In a lot of C++ game development this is a huge factor for productivity, especially since a lot of translation units may need to be touched when changing APIs. Being able to utilize an entire idle office for each .cpp file can make a big difference in build times.

Most places doing any non-trivial C++ development will have a centralized distcc and ccache cluster, surely?

Most C++ shops I've worked at use MSVC and Incredibuild, so yes! I think MSVC is the norm in game development, especially for PC games, but I could be wrong on that.

> You get less and less been benefit for each additional CPU you add to the problem, unless the CPU is the main bottleneck.

I disagree. Each CPU you add to a problem comes with 4x to 8x memory channels of DDR4 (2x on consumer systems, 4x on Threadripper, 6x on Skylake-X). So each CPU increases your memory bandwidth in a very predictable manner.

> Also if something requires 4000 CPUs, it is going to start getting expensive if you need to double the output. These types of problems don't scale well.

Finishing the problem in 1/4000th of the time is often good enough reason. That turns a problem that takes 10-years to finish into a problem that takes 1-day to finish.

You only get good scaling when all the data fits in memory and the problem scales well, but that happens often enough that its worth studying these cases.

> What practical problems can 4000 CPUs solve that 16 CPUs can't?

I am going to be the funny person and say that 4k CPUs can solve a scheduling problem on time so that jobs for 10Mi Idle CPUs can be assigned on time.

But yeah, there are problems where ~ 200x CPU power can make a lot of difference, especially if you're time bound (that's roughly solving in 2 days what 16 CPUs would solve in 1 year)


computational fluid dynamics, FEA, physics based simulations and the like

So many tasks can only take advantage of a single machine (and too often, only a single thread!). While that doesn't change the cost of the CPU time it uses, it does mean that you have to wait much longer to get those N hours of CPU time to save that hour of programmer time. That wait time could completely undo the productivity gains.

It might be useful. For example my IDE uses all cores for build but then those cores idle. If there's local data center nearby (so latency is something like 10ms and speed is gigabit), theoretically my IDE could upload its compiler in advance to cache it there and then just upload those files and get back object files. It'll allow for extremely fast compilation times while I could use very lightweight computer (for example energy-efficient laptop). But I don't think that it's possible to implement that transparently. Software must support this behaviour and developers should carefully decide, because network latency could kill all performance gains.

Regarding compilation, it's perfectly sensible: distcc has done that for a long time.

Part of the Plan9 design (which is almost 30 years old at this point) was the uniform access to computing resources across machines over the network.
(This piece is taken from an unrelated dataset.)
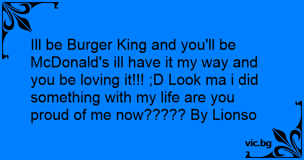 Ill be Burger King and you'll be McDonald's ill have it my way and you be loving it!!! ;D Look ma i did something with my life are you proud of me now????? By Lionso

Unfortunately, we've mostly abandoned that and stuck with mainframe design.

It always pains me to think of what Could Have Been when it comes to things like this. We should have the everything-is-a-file, perfectly network transparent system, but instead most people are still using the bastard child of DOS and VMS

It's even more paining when you begin to realise that nearly every problem humanity has falls into this category - the solutions exist and are known, but don't get used because we're stuck in a local maximum (one that usually involves bank accounts).
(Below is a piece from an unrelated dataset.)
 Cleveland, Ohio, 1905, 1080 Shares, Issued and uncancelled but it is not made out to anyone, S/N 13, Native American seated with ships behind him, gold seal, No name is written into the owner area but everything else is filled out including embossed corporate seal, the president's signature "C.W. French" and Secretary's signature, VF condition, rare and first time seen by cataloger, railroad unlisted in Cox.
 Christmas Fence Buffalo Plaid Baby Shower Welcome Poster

>Can there really be no practical way to apply thousands of cores to boosting the programmer's productivity? What are we missing?

Surely that's the whole point of high-level languages?
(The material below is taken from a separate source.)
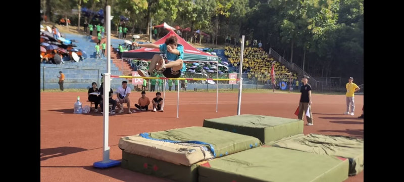 11月4号早上8点半,男子组跳高预决赛即将开始。代表我系参赛的选手有辛天成、张松、梁金柱等8名选手。其中我系运动员梁金柱、尹文聖都取得了1米5的好成绩,我系其他运动员也发挥出色。

That's using the end user's cores. Using something at programming-time could be something like static analysis. Then there are entire tests the programmer doesn't have to write and bugs that never get pushed.

I've seen people write Java or C# like I would write plain C. Those first two are insanely high level with large standard libraries.

I disagre with "Those first two are insanely high level" but totally agree with the "with large standard libraries." part.

Java: "I've got a huge standard library!"

C: "See, you're doing it wrong! I've got a really lean standard library!"

Java: "Ah, so you just focus on the basics. You have a dictionary structure? That's pretty basic."

C: "...no."

BSDs have <sys/queue.h> and <sys/tree.h>; the former is standard on Linux as well.

To my eyes just having generics and hiding away pointers and vtables make them very high level, but I think my argument was more about what is coming with the language (aka their standard libraries) and I've definitely seen people ignore the available libraries, even in python.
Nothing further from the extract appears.